WHAT TO WORK ON — Reproduce from the records below, with no pictures, exactly the lines between the one containing "- Versatile for" and the one containing "自転車は車両の仲間であり、守", inclusive.

DATASET ENTRIES —
——

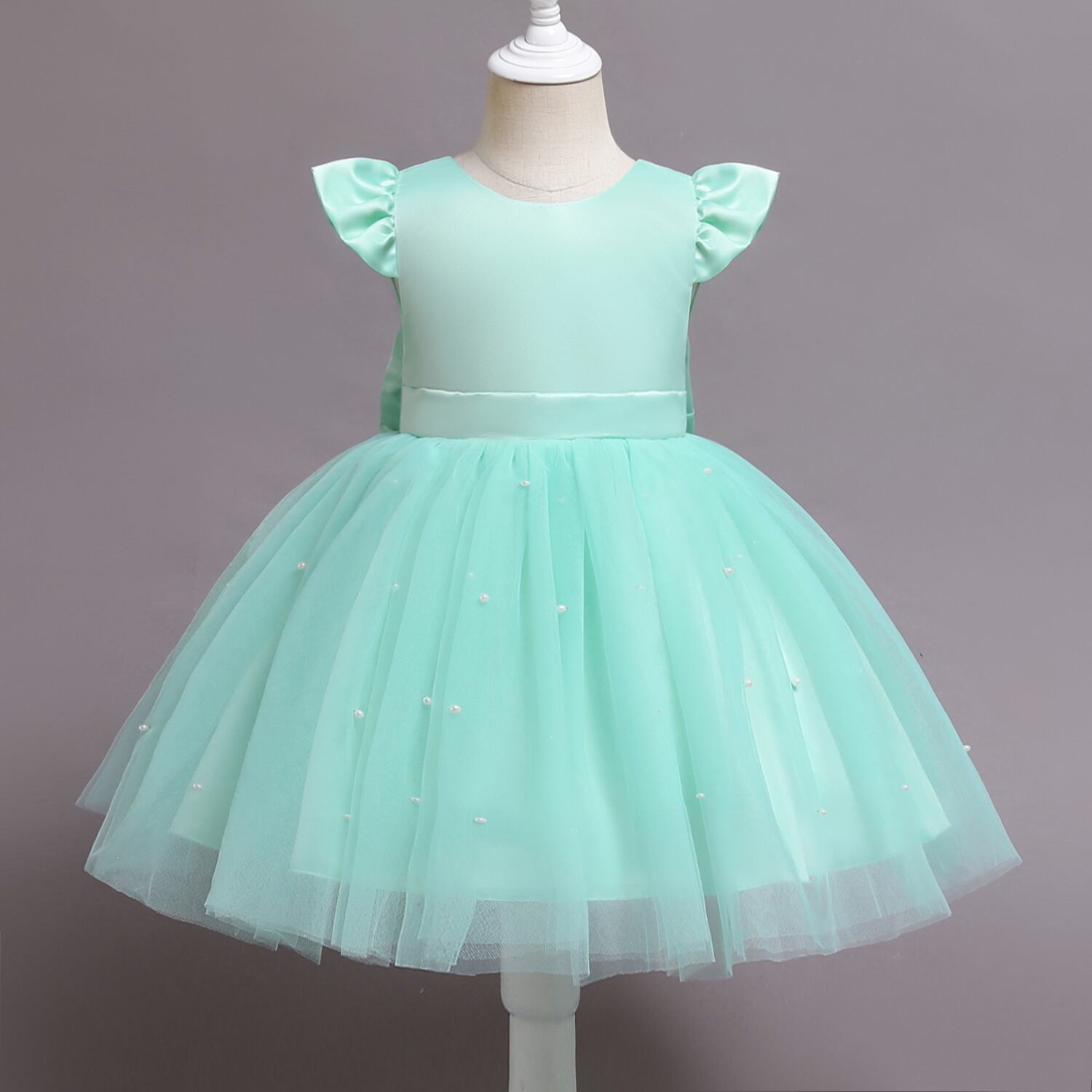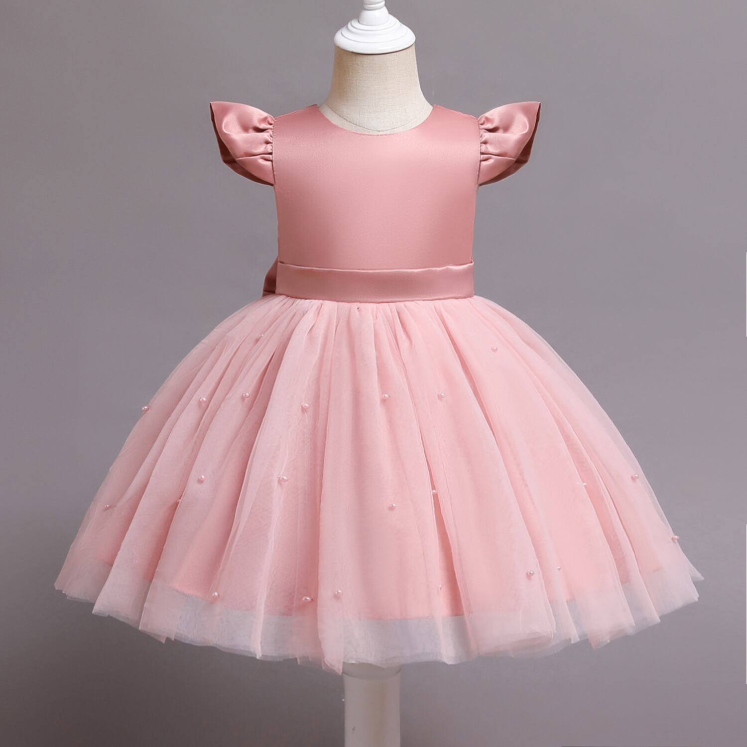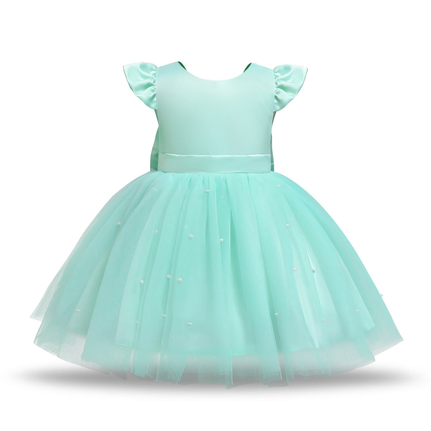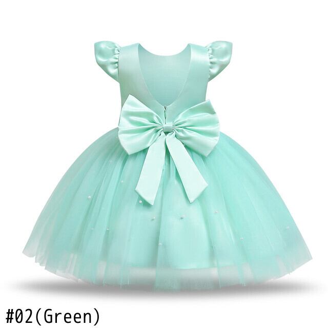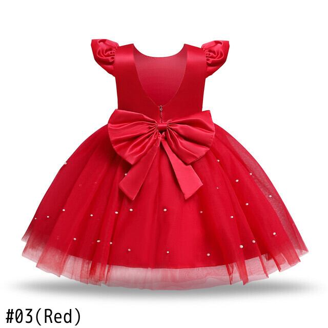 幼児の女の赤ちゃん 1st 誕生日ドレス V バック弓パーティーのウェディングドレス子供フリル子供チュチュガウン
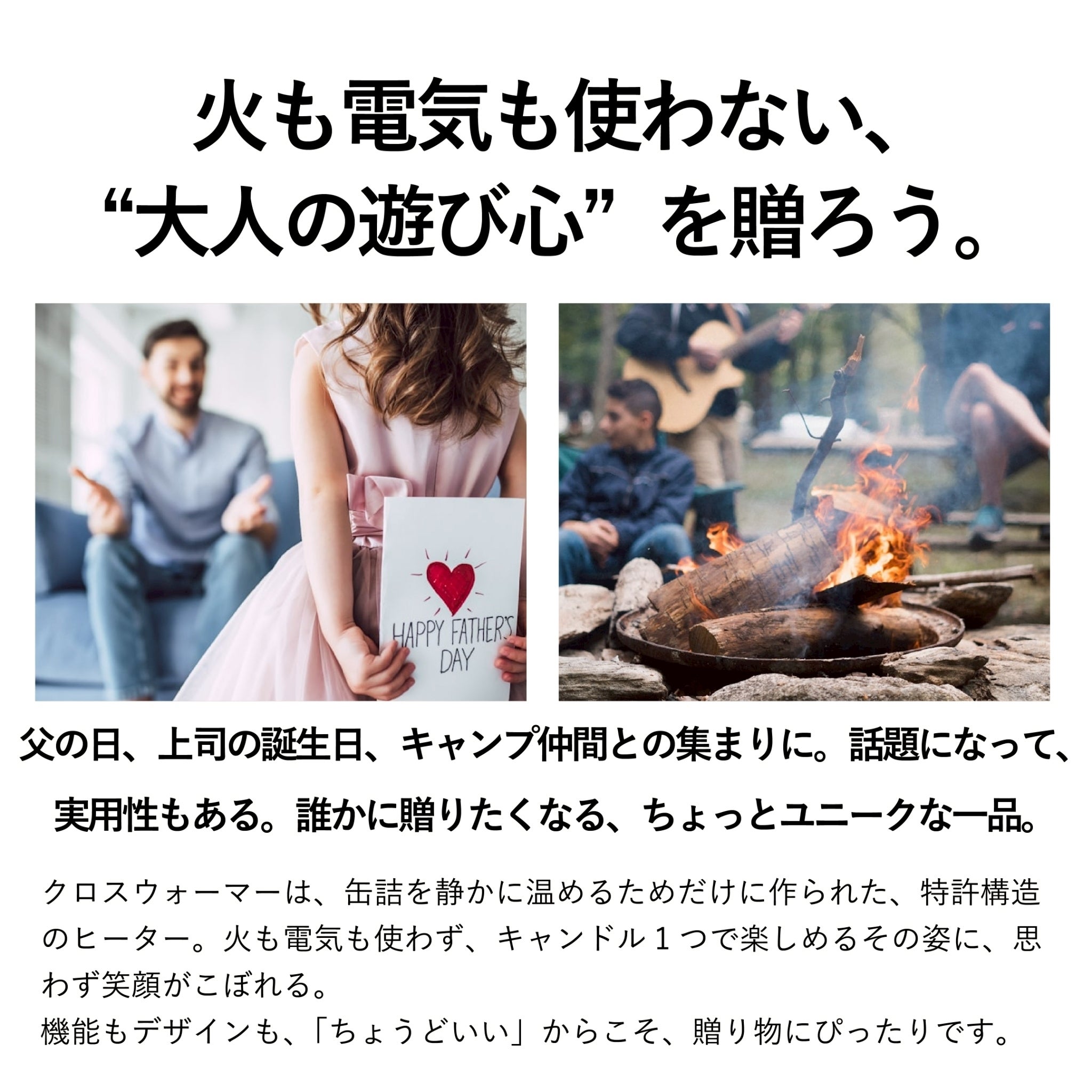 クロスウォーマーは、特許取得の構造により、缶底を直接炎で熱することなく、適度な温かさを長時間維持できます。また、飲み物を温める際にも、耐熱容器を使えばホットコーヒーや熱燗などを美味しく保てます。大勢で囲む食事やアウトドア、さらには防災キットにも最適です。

——

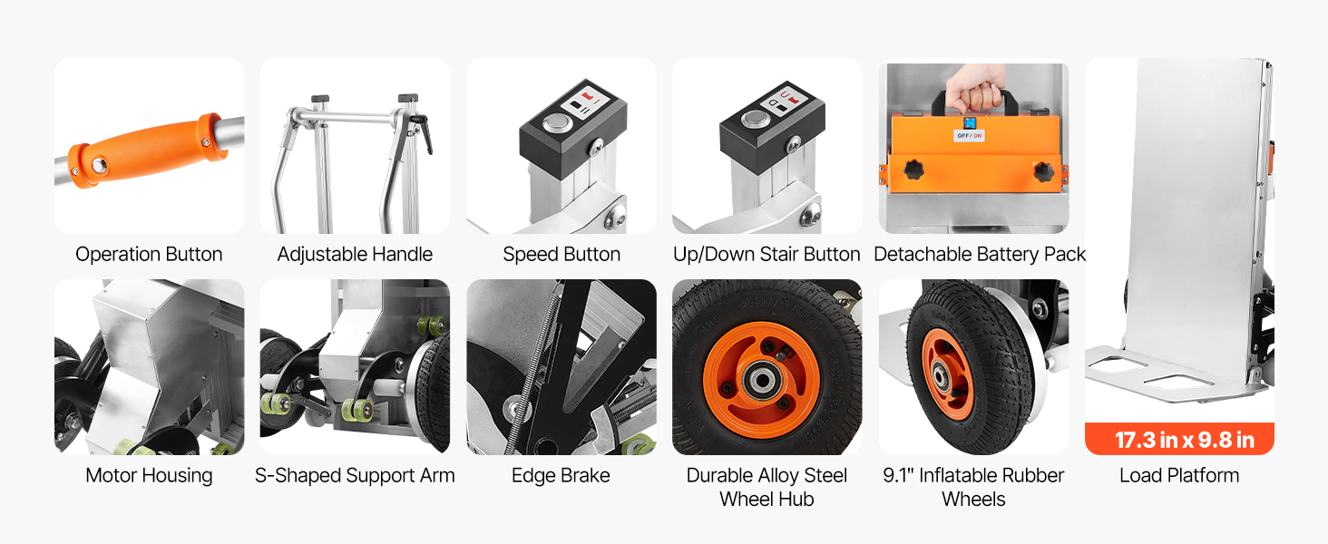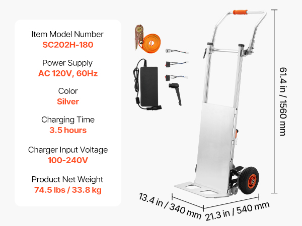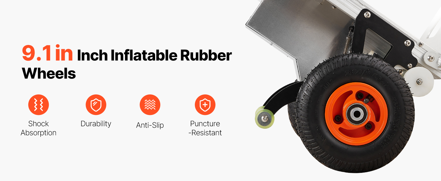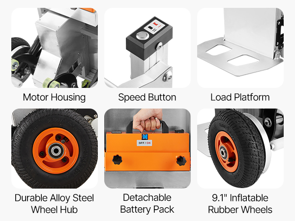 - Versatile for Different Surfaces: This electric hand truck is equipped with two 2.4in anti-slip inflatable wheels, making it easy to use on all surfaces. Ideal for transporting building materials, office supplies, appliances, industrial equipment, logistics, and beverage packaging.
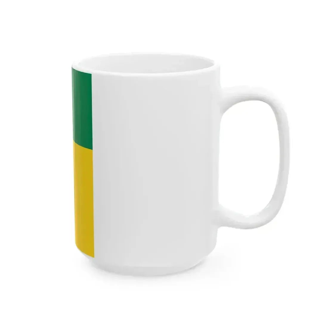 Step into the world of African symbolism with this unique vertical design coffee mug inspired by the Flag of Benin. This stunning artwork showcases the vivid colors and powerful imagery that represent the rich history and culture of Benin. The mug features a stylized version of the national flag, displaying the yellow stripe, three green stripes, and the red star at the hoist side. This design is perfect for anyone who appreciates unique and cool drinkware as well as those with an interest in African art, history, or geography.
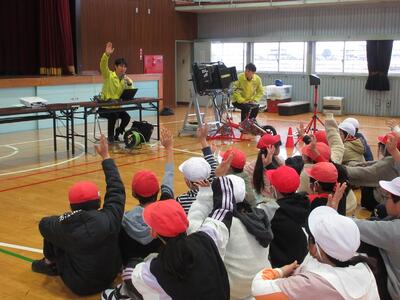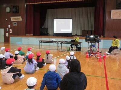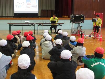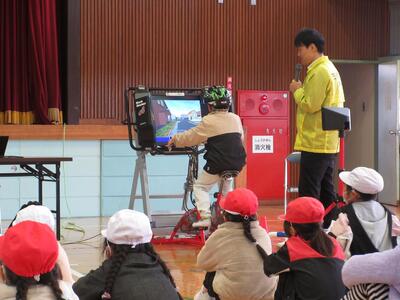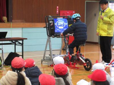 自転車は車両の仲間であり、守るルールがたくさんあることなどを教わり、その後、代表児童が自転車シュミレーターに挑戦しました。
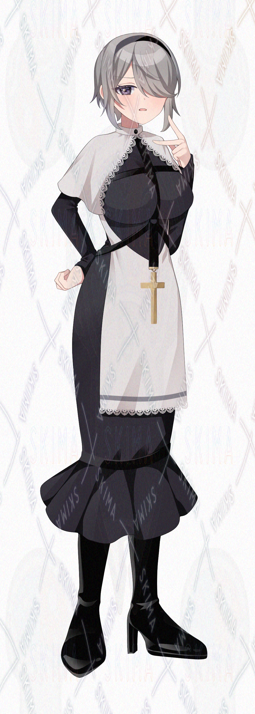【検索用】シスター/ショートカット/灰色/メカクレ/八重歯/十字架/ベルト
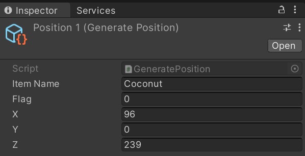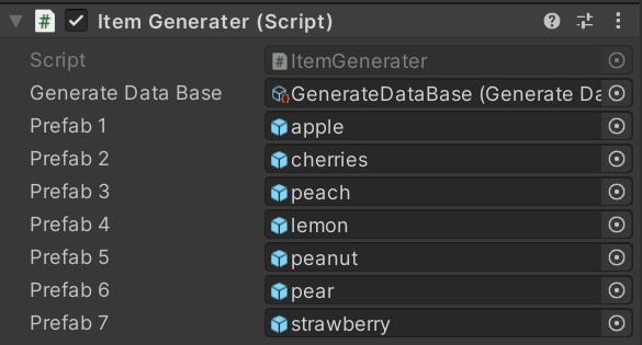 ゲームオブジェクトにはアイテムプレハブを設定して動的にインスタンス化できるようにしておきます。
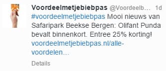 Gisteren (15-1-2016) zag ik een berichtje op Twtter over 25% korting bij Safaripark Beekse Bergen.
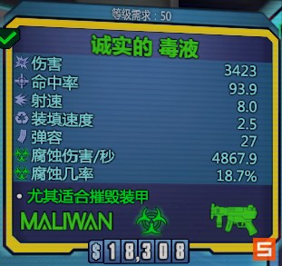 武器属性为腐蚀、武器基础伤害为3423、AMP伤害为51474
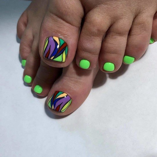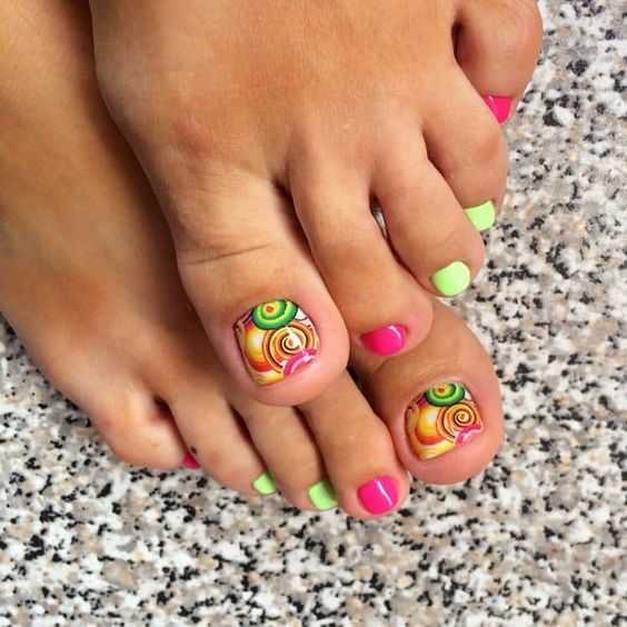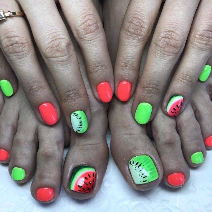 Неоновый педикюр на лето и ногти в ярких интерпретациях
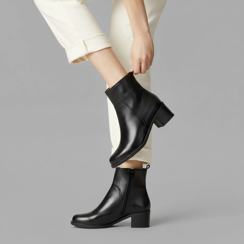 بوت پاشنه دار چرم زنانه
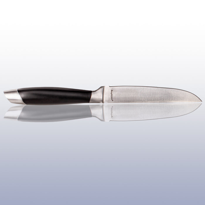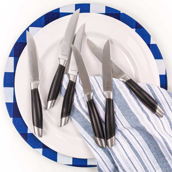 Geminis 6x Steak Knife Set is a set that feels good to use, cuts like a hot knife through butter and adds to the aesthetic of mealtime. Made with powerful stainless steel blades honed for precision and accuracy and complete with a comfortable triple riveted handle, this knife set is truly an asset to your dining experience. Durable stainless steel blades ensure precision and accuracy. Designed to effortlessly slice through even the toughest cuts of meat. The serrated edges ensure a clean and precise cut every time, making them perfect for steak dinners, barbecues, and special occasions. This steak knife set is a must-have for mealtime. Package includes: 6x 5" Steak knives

——

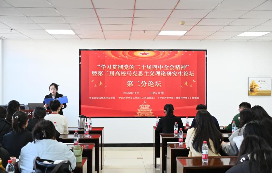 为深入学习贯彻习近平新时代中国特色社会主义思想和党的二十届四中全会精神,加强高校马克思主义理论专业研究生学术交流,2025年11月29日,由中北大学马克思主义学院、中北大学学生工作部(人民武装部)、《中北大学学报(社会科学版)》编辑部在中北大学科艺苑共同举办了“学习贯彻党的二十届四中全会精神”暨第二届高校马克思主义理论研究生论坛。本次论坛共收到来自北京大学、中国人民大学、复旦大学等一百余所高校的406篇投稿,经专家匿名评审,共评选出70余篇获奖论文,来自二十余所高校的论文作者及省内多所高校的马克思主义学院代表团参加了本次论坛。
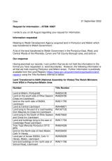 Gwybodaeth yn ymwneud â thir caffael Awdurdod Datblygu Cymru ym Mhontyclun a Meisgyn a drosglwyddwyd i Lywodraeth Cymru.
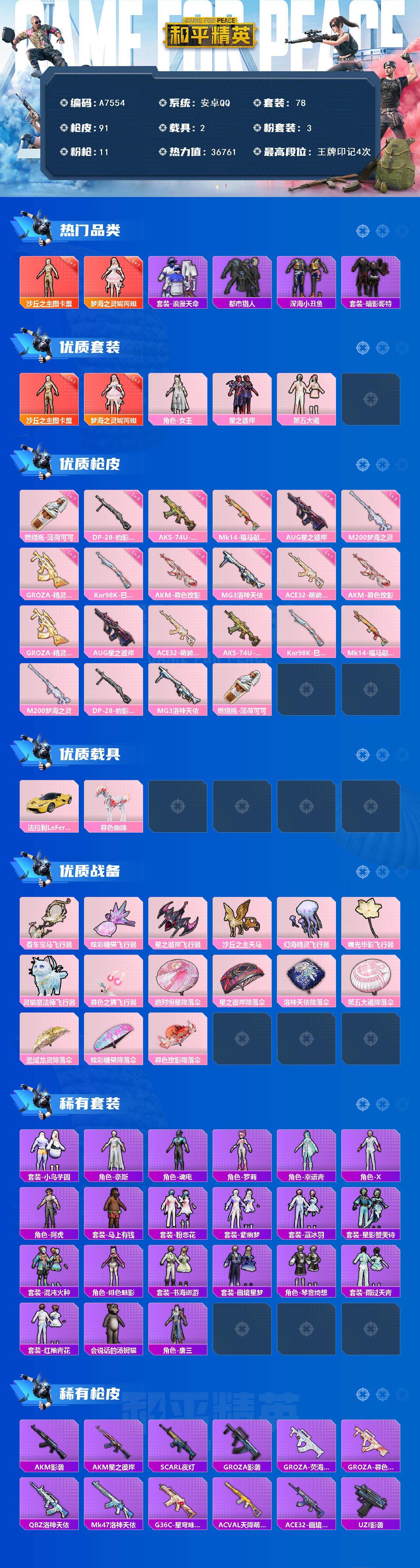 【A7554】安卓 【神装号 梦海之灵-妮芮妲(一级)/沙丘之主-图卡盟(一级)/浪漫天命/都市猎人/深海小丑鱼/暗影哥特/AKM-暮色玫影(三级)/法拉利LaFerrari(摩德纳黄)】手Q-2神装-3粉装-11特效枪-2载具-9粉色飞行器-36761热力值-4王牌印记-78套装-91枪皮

——

TASK ANSWER —
 - Versatile for Different Surfaces: This electric hand truck is equipped with two 2.4in anti-slip inflatable wheels, making it easy to use on all surfaces. Ideal for transporting building materials, office supplies, appliances, industrial equipment, logistics, and beverage packaging.
 Step into the world of African symbolism with this unique vertical design coffee mug inspired by the Flag of Benin. This stunning artwork showcases the vivid colors and powerful imagery that represent the rich history and culture of Benin. The mug features a stylized version of the national flag, displaying the yellow stripe, three green stripes, and the red star at the hoist side. This design is perfect for anyone who appreciates unique and cool drinkware as well as those with an interest in African art, history, or geography.
 自転車は車両の仲間であり、守るルールがたくさんあることなどを教わり、その後、代表児童が自転車シュミレーターに挑戦しました。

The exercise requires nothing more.